As CNET reports, a security tool called Pwned Passwords can help you figure out with a simple search which of your passwords has already been leaked. Created by a regional director at Microsoft named Troy Hunt in August 2017, the free site is designed to make it as easy as possible to check the security of your online accounts. It's as simple as entering your password into the search bar. In February 2018, Hunt updated his original site to include passwords from more major breaches. The database now features half a billion passwords that have been leaked as part of hacks on sites like MySpace, LinkedIn, DropBox, and Gawker. Some are sourced from breaches you may not have even heard of, but which still contained your information.

"Data breaches are rampant and many people don't appreciate the scale or frequency with which they occur," Hunt writes on the site. When he analyzes the user credentials leaked after big hacks like the one on Adobe in 2013, he finds that he will keep seeing "same accounts exposed over and over again, often with the same passwords." And once that password is leaked once, that puts all the other accounts that you use that password for at risk, too.

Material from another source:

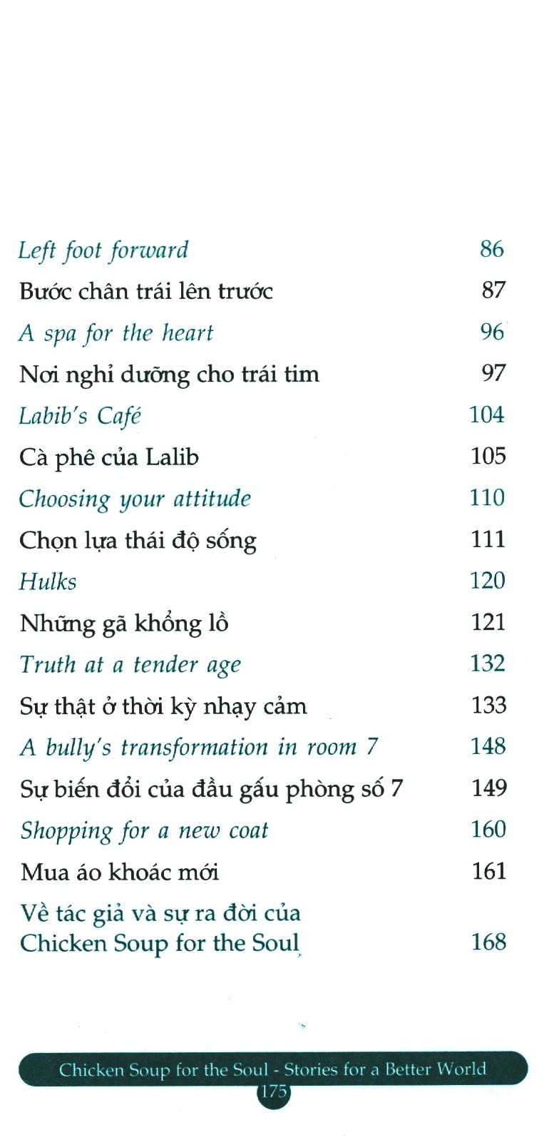 Mong rằng bạn sẽ dành ra chút thời gian nghĩ lại về những câu chuyện đã tác động tích cực đến bạn – dù bạn đọc trong sách của chúng tôi hay trong những cuốn sách khác, hay chính bạn gặp phải trong cuộc sống – và hồi tưởng lại cảm giác phấn khích tuyệt vời bạn đã có khi lần đầu tiên cảm nhận. Những câu chuyện trong Chicken Soup for the Soul Stories for a Better World – Tin vào ngày mai truyền cảm hứng và chia sẻ niềm vui trong cuộc sống, về niềm tin vào những điều tốt đẹp, bất kể những khó khăn trước mắt.

A screenshot of the site asks 'have i been pwned?' Below, the word 'password' is typed into the search bar.
Pwned Password

So if you're one of those people who uses the same password for multiple accounts—we know, it's hard to remember a different password for every website you ever visit—now would be a good time to see whether that password has ever been part of a data breach. Pwned Password will tell you if your password has been revealed as part of any major data breaches, and which ones. (CNET advises against searching your current passwords, since revealing that info to third parties is never a good idea, but checking old passwords you no longer use is OK.)

I, for one, searched a standard password I've been using for a steady rotation of online accounts since high school, and found out it has been spotted 135 different times as part of data breaches. Oh boy. (Presumably, those might not all be related to my accounts, instead coming from other people out there in the world who base their passwords off tidbits from The Fairly OddParents, but who knows.)

If, like mine, your passwords show up on Pwned Passwords, you should update them as soon as possible. (Here are some good tips on coming up with secure ones. Maybe don't use "password.") This would also be a good time to get yourself a password manager, like LastPass or 1Password.

The latter service actually has a Pwned Password integration so that you can check each of the passwords stored in your 1Password with Pwned Password. If you use LastPass, the service's security checkup can also search for potential data breaches in your roster, but it looks for leaked usernames, not passwords.